Here are 10 tips for stress management that I frequently recommend:

1. Aim for 7 to 9 hours of sleep each night. Our bodies do so much restorative work while we sleep, and it’s harder to deal with emotional and physical stress when we don’t have enough sleep. Additionally, nights of uninterrupted sleep are better than nights of interrupted sleep. So if you have very young children who wake you up each night (for feedings, diaper changes, etc.), try to share those duties with your husband or partner so that you get some nights of uninterrupted sleep. And don’t feel guilty about napping when you get the chance! The energetic demands on your body as a woman juggling numerous roles are enormous. The more you can cater to those energetic needs, the more resources you will have for dealing with life’s annoyances and real stressors.

2. Prioritize and organize errands to minimize the running around time you have to do. You may need to plan a "route" that takes you to the post office, the dry cleaners, etc. once a week. And don’t fret if you forget to bring something with you – 99% of the time, it can wait until your next trip. Also, minimize the number of times you go to the supermarket by stocking up during fewer trips.

3. Take 10 to 15 minutes each day to just sit by yourself and let your mind float. Turn the phones off, if possible. You can also listen to a relaxation CD or a CD of your favorite music. Don’t stress if you can’t achieve the "quiet mind" Buddhist monks can achieve. Just giving yourself some "down time" each day is a very important stress management strategy. Treat this down time like you would treat brushing your teeth – as something you wouldn’t dream of skipping! You don’t have to necessarily do it at the same time each day, as long as you do it. Don’t feel guilty about giving yourself this time. Not only do you deserve it, it will keep you emotionally and physically healthier and better able to give yourself some stress relief.

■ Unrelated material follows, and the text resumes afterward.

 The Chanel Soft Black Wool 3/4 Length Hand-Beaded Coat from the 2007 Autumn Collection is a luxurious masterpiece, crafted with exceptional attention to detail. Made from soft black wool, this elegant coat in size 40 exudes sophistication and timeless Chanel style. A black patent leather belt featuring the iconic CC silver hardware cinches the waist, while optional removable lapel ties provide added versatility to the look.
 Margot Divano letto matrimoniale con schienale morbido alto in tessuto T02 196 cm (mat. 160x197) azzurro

4. In the back of your mind, keep some sort of mental scale for judging how stressful something is. I typically tell clients to think of some minor annoyance, and then think of the worst thing imaginable (or at least something truly BIG and stressful), and put each thing on opposite ends of the scale. Then when you feel stressed, ask yourself which end of the scale the stressor is closer to. Most things fall much closer to the minor annoyance end of the scale, and this helps keep things in perspective. Perspective is a crucial tool for stress management.

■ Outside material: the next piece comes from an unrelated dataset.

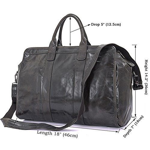 Basic Specification Dimension ( W x H x D ) 18 x 14 x 7 inch Style, Large hand tote/ leather duffel Perfect for outdoor hiking/camping, business trip, gym or sports A nice gift for your friends or spouse
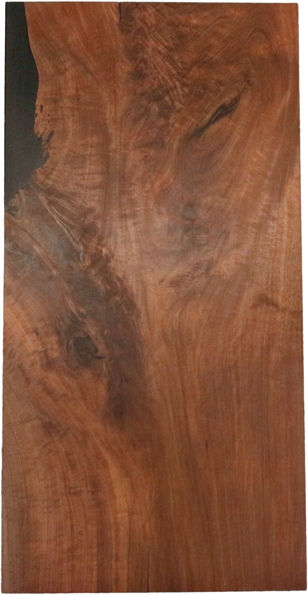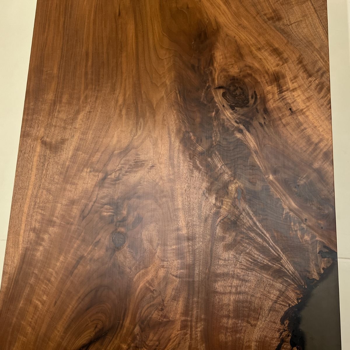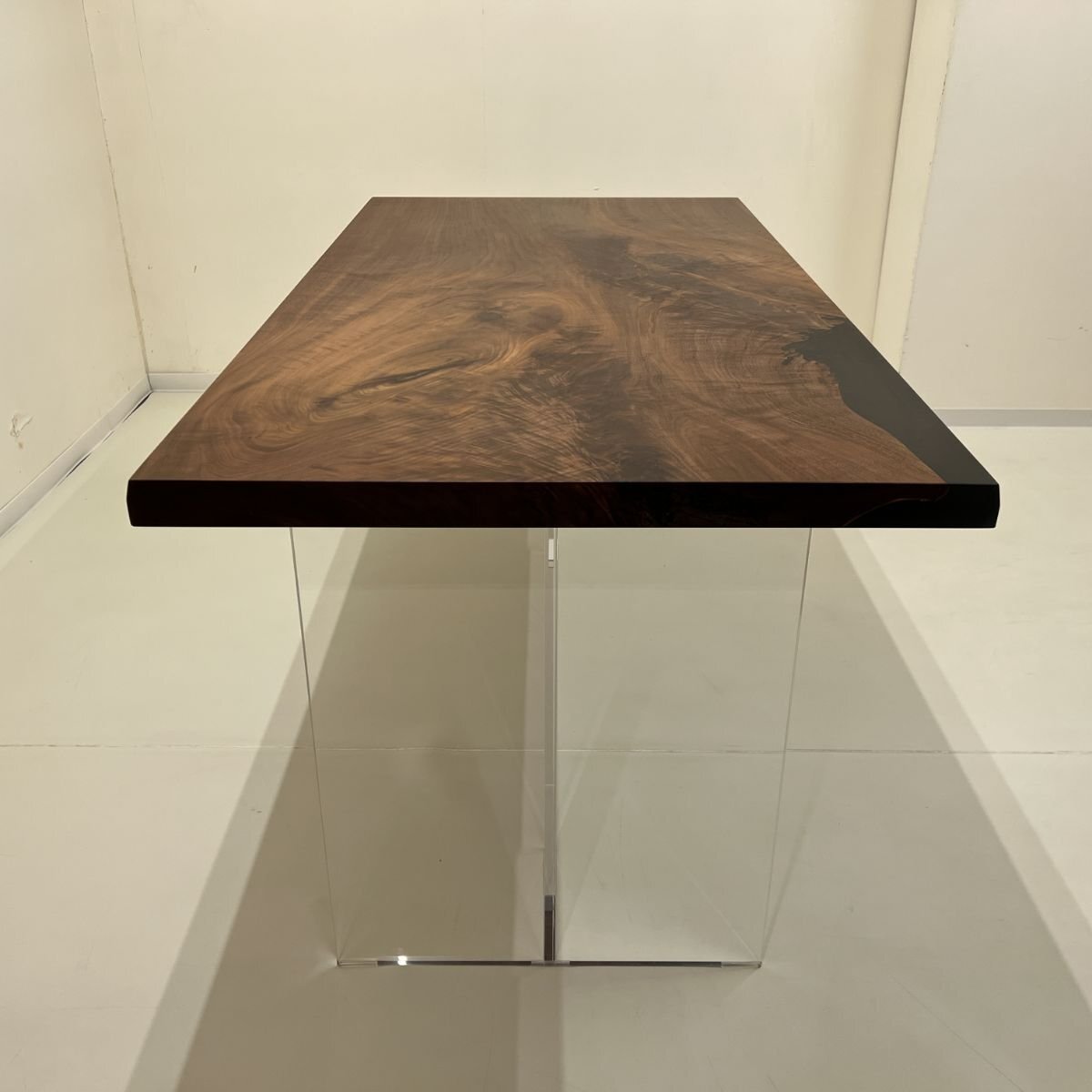 縮み杢やサバ杢が美しい、ウォールナット一枚板に、レジンを合わせることでモダンに仕上げました。ウォールナットに合わせて暗めのレジンを流し込み、使いやすい長方形にする事で、実用性も高く、普段使いにも出来る高級一枚板です。

5. Keep in mind a sense of your physical and emotional energetic resources as a discrete quantity. No one is a superhuman; everyone has limits. When you feel stressed about something, or have the urge to react to something, ask yourself, "Is this worth spending my life’s energy on?". Very often, the answer is "No," and you can move on without wasting your time and energy on something that doesn’t amount to much.

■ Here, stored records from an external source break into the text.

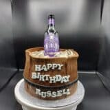 This Prosecco Celebration birthday cake features a chocolate sponge with chocolate ganache filling and topping. Topped with a solid chocolate bottle with butter cream bubbles.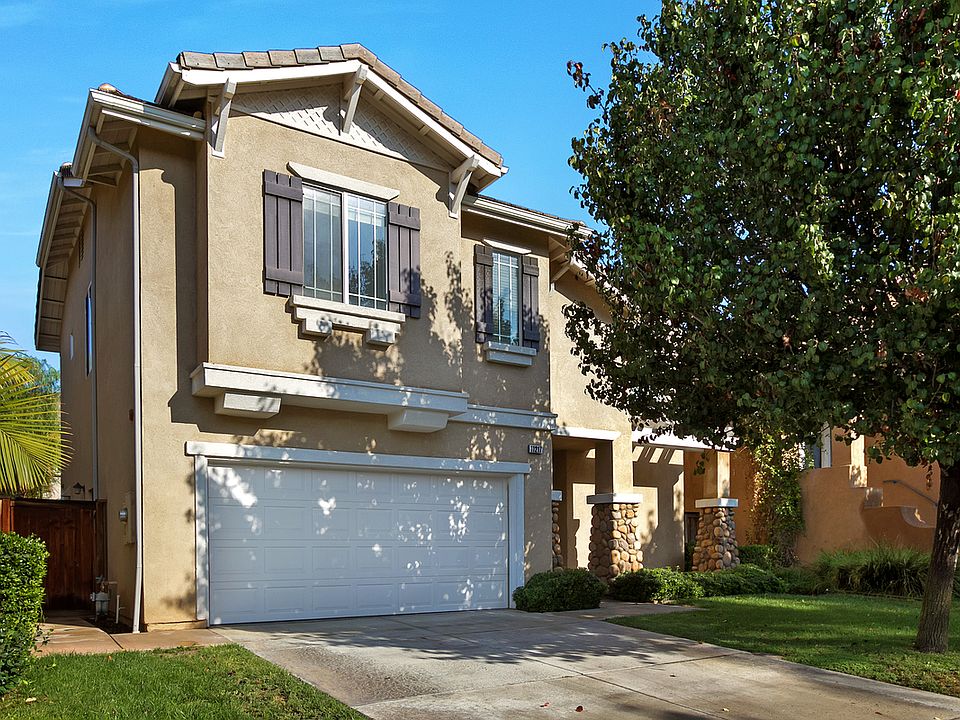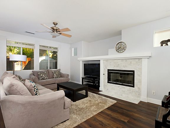A charming home in the desirable gated community of Riverwalk "Tiburon". This immaculate 4 bedrooms/ 2.5 baths home has an open floor plan for a family to enjoy a spacious living room with a cozy fireplace and new wood laminate flooring. It comes with a recently upgraded kitchen complete with Corian countertops, Butcher block center island, Stainless steel appliances and plenty of storage, and direct access to the two car garage. Upstairs you will find four bedrooms, 2 bathrooms, a study/office nook and a convenient laundry room. The master suite offers a roomy walk-in closet, double sinks and a bathtub perfect for relaxing. The backyard is low maintenance and is perfect for small gatherings. HOA includes Pool, Basketball Court, and Kids playground. This home is conveniently located near the 91/15 freeway, Tyler mall, Dog Park, Metro link Station, and Schools.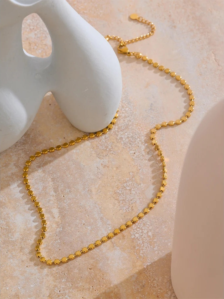 Crafted from durable stainless steel with a PVD real gold plating, this square chain collar necklace features a modern geometric design. The link chain construction ensures both strength and a comfortable fit for daily wear. Its shiny, bright finish makes it suitable for parties and trendy fashion looks. Compatible with various styles, this necklace adds a sleek, contemporary edge to any outfit.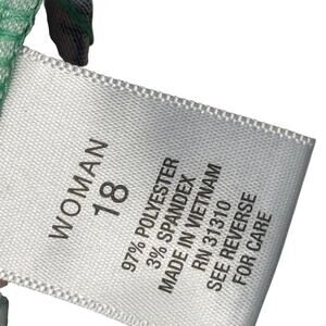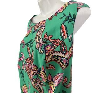 The Roz & Ali Women's Green Paisley Floral Stretch Sheath Knee Length Dress in size 18 is a stylish and versatile piece perfect for various occasions. This sleeveless dress features a round neckline, zip closure, and is made from a comfortable polyester and spandex blend. The dress is adorned with a floral pattern, stretch material, and a knee-length design, making it a flattering and fashionable choice for summer, fall, and spring seasons. Made in Vietnam, this dress is machine washable for easy care and maintenance. Perfect for parties, casual outings, or business events, the Roz & Ali dress combines style and comfort effortlessly.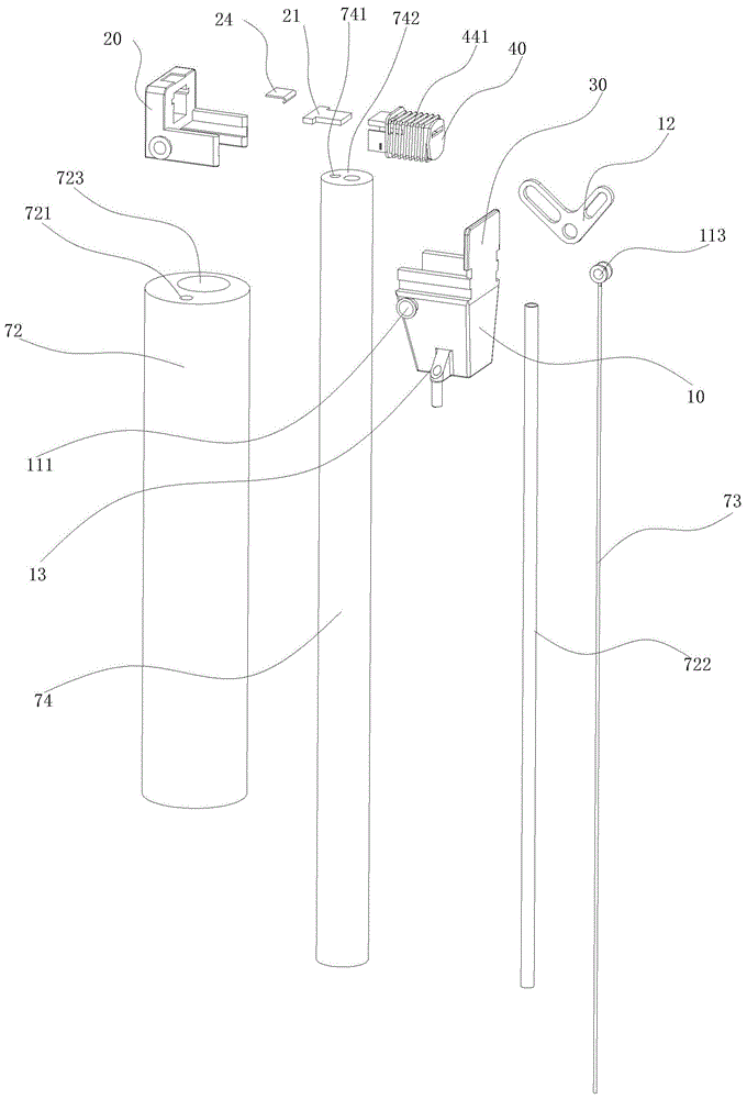 In this embodiment, the push-pull member 73 is made of a guide wire having a certain elasticity and rigidity, and the endoscope tube 74 is built in the second guide cavity 723. The guide tube 72 is flexible, can be bent and is not easy to deform, and can be integrally formed by a high-elasticity material, or a pipeline embedded with a spring, or other pipeline parts meeting the requirement of elastic performance. The first guide cavity 721 functions as a guide and a limit, and is configured to allow the push-pull member 73 to be bent in a flexible manner in a bending state, thereby effectively transmitting a pushing force.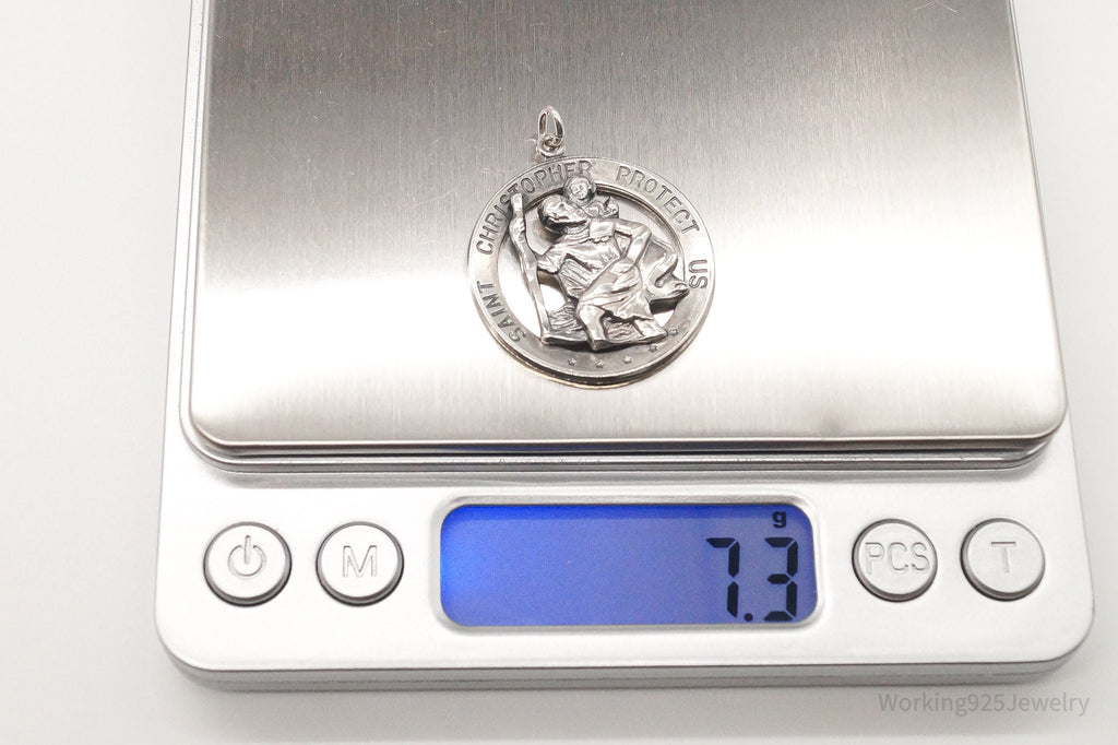 Antique Theda Saint Christopher Protect Us Sterling Silver Pendant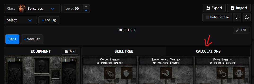 I also couldn't see the skill calculations, but I saw that they are on the same Calcs menu 👍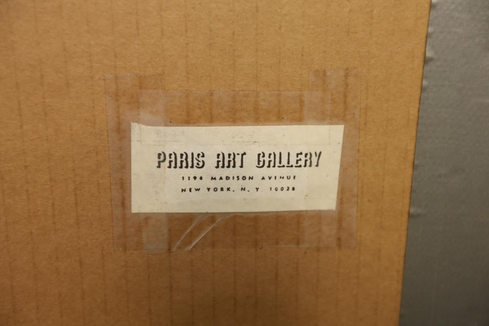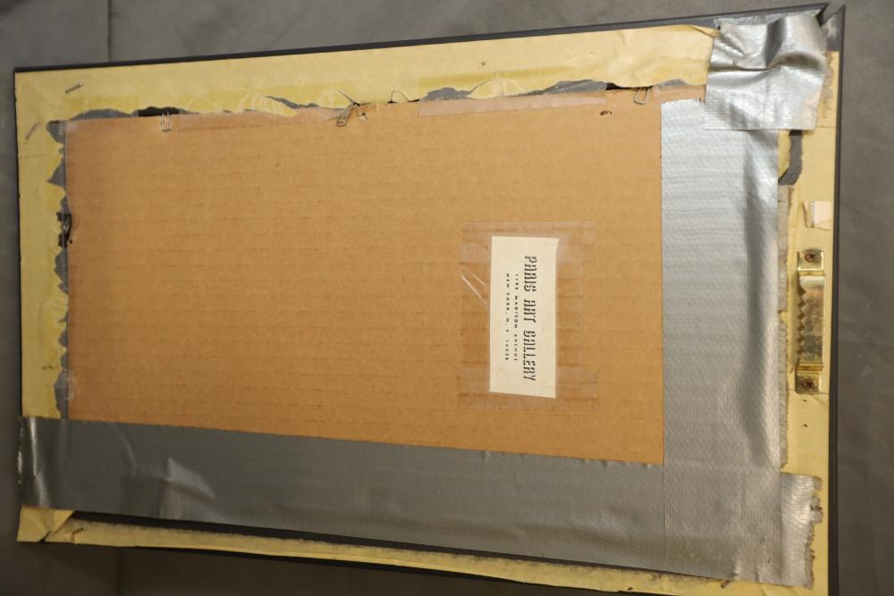 Items includes artwork: Oil on framed canvas, abstract art. Title on back "Night Cometh"; Oil on canvas, abstract art. Title on back "Far Edge". Signature on front appears to read "Syd Weinstein"; Oil on Canvas, abstract herd of horses. Signed in middle of painting. Written on back "Les Affectueux - II 1998"; Oil on canvas framed. Aquatic ship scene; Color etching and aquatint on paper. Titled "Sound of a Forest Brook" Signed lower right " Karl Schrag 86' " numbered 7/40; Print on paper framed. Signed "Amen" in lower right corner. Lower left reads "AP The City" ; Mixed Media Collage on paper. Signed lower left corner "William McGee 1989" Title "By the Sea"; Two framed Egyptian prints on Papyrus. "Nefertari and Hathor" and "Ramsess II Moving into Battle" and much more! Items are located in Pleasant Valley, NY.

6. Learn the art of limited procrastination. For example, if a letter from your insurance company arrives in the mail, and it tells you your car insurance premium is going up 300% in 60 days, put the letter aside. Very often, these sorts of things resolve themselves or become moot. You might get a letter in 3 days that says, "Whoops! We made a mistake!" and you would have gotten stressed over nothing. Obviously, you don’t want to procrastinate about everything, because that can lead to more stress. But when something seems to demand your immediate attention, let it "age" for a couple of days. Or hand it to your husband, partner or other trusted person to take care of it. Stress management is made easier when we are willing to let others help us. There’s no need to be Super Woman!

7. Plan nights out with your husband or partner or friend, so you two can have adult time together. Do this once a week or once every two weeks – whatever works for you. Then you have something special to look forward to, which makes it easier to deal with minor stresses and the endless demands on your time.

8. Give your current work schedule some thought. You may ultimately decide that you want to keep or that you must keep your work schedule the same, but at least you will have given it some thought with regard to what’s healthiest for you to do at this time in your life. Sometimes we get caught up in the routine of everyday life, and we don’t always take the time to consider whether this routine is the optimal one for us. When we engage in stress management strategies, we need to consider all aspects of our lives, including those that seem more or less set in stone, such as our work situation.

9. Humor is a wonderful tool for stress management. Get some funny DVDs (movies, animated TV shows, etc.) that you, alone or with someone else, can watch in small chunks of time.

10. Exercise is also great for stress relief. It’s a good way to blow off steam and get endorphins (feel-good hormones) flowing. If your life is so frantic that you hardly have time to think, no less exercise, just keep it in mind or start in small ways right now. Some of my clients build a library of exercise DVDs, which are great, because most of the DVDs have small segments (15 to 20 minutes) that can be done without taking a big chunk out of your day. Some of my other clients take a yoga class or a pilates class once a week, and it gives them something to look forward to. Exercise should be something you do as part of your overall “taking care of me” strategy.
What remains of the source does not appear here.